_Directions for this task_.
The output should contain the listing word for word and no pictures.

_Dataset content_.
|---|
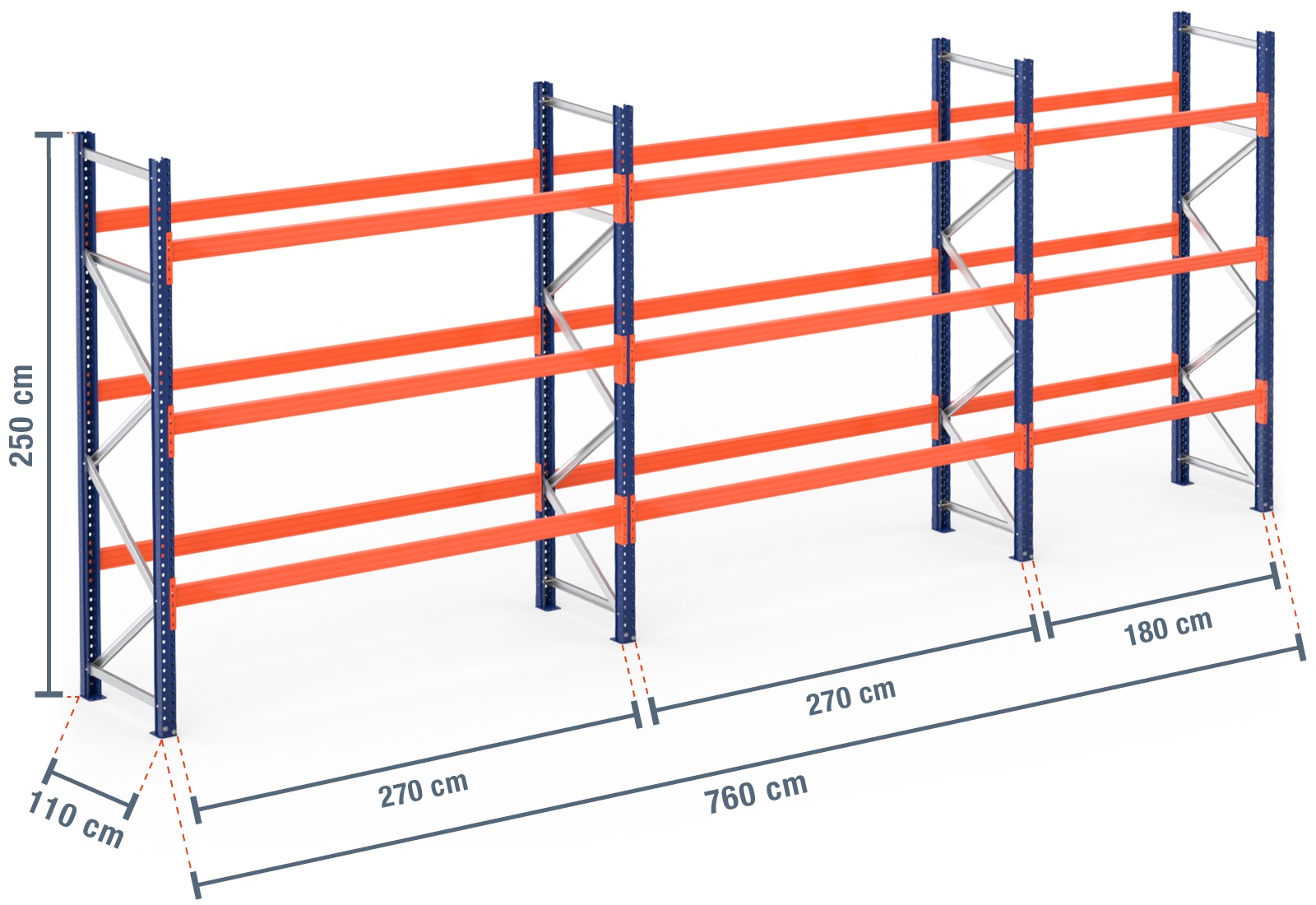 7,6 m pallereol PR9000 / 110 cm dyb / 2,5 m høj / 3 niveauer til 32 europaller
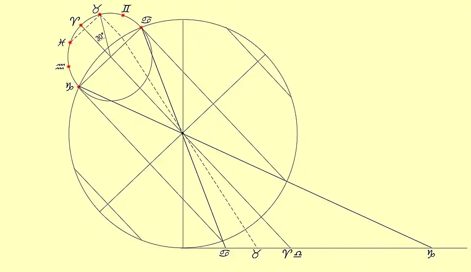 - ↑ L'instant des solstices, de moindre intérêt, n'est pratiquement pas possible à déterminer graphiquement, la variation de la déclinaison solaire vers ces dates étant imperceptible.
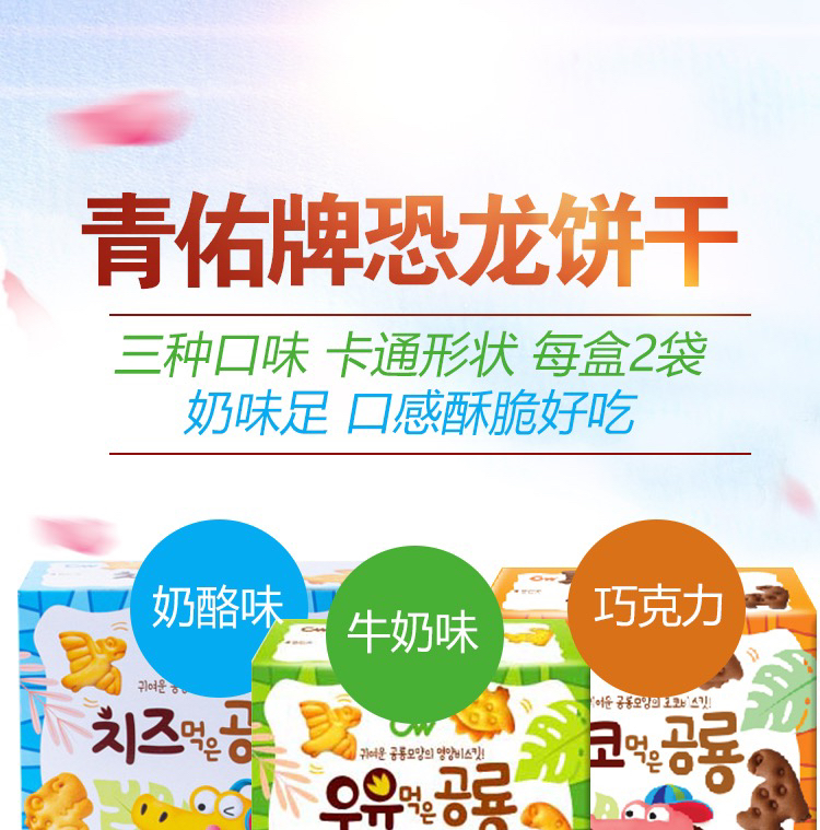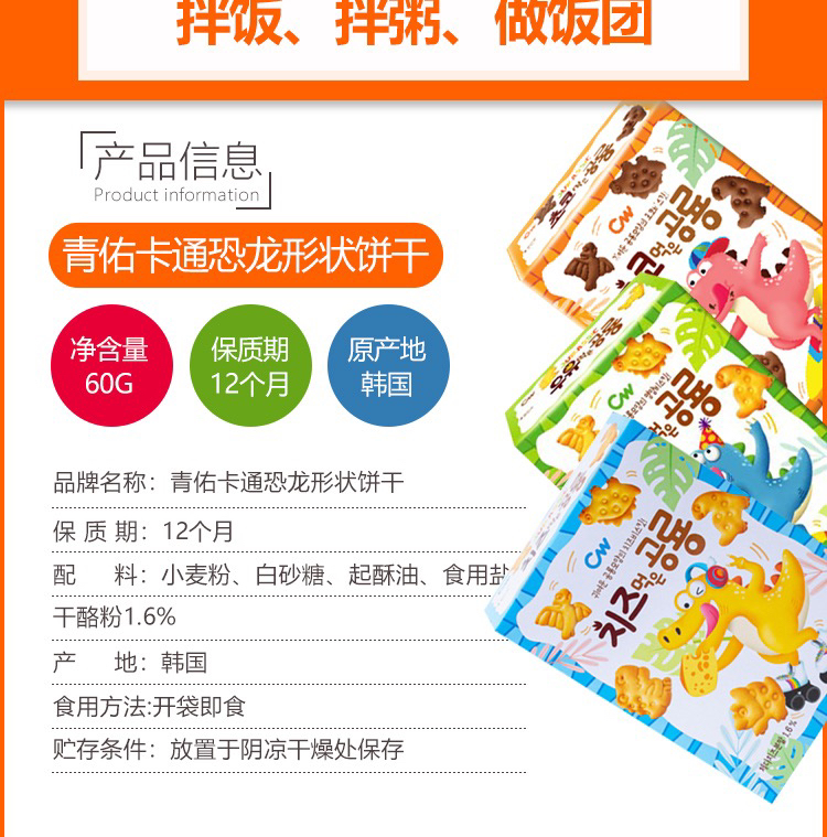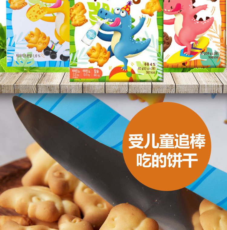 韩国进口青佑CW牌恐龙形饼干牛奶味儿童早餐饼干卡通休闲零食60g
|---|
_Response area_.
 7,6 m pallereol PR9000 / 110 cm dyb / 2,5 m høj / 3 niveauer til 32 europaller
 - ↑ L'instant des solstices, de moindre intérêt, n'est pratiquement pas possible à déterminer graphiquement, la variation de la déclinaison solaire vers ces dates étant imperceptible.
 韩国进口青佑CW牌恐龙形饼干牛奶味儿童早餐饼干卡通休闲零食60g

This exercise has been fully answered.